Updated Results From the EV-103 Trial Will Be Presented at the ASCO GU 2020

San Francisco, CA (UroToday.com) --  Seattle Genetics, Inc. and Astellas Pharma Inc. announced updated results from the Phase 1b/2 clinical trial EV-103 in previously untreated patients with locally advanced or metastatic urothelial cancer who were ineligible for treatment with cisplatin-based chemotherapy. Forty-five patients were treated with the combination of PADCEV™ (enfortumab vedotin-ejfv) and pembrolizumab and were evaluated for safety and efficacy.

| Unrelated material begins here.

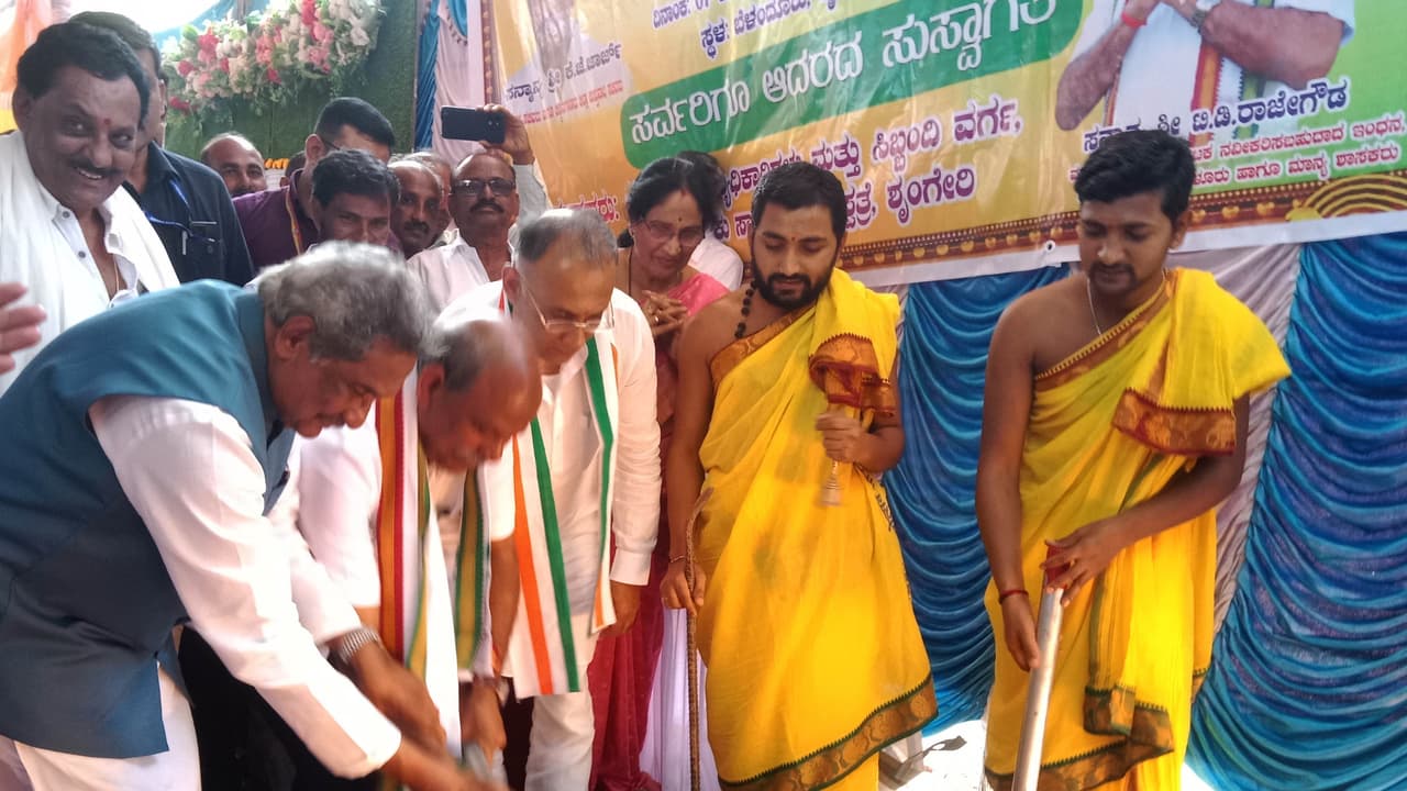 7 ಶ್ರೀ ಚಿತ್ರ 1-ಶೃಂಗೇರಿ ನೂತನ ನೂರುಬೆಡ್ ಆಸ್ಪತ್ರೆ ಕಟ್ಟಡಕ್ಕೆ ಆರೋಗ್ಯ ಸಚಿವ ದಿನೇಶ್ ಗುಂಡೂರಾವ್ ಶಂಕುಸ್ಥಾಪನೆ ನೆರವೇರಿಸಿದರು.ಇಂಧನ ಸಚಿವ ಕೆ,ಜಿ.ಜಾರ್ಜ್,ಶಾಸಕ ರಾಜೇಗೌಡ ಮತ್ತಿತರರು ಉಪಸ್ಥಿತರಿದ್ದರು.

After a median follow-up of 11.5 months, the study results continue to meet outcome measures for safety and demonstrate encouraging clinical activity for this platinum-free combination in a first-line setting. Updated results will be presented during an oral session on Friday, February 14 at the 2020 Genitourinary Cancers Symposium in San Francisco (Abstract #441). Initial results from the study were presented at the European Society of Medical Oncology Congress in September 2019.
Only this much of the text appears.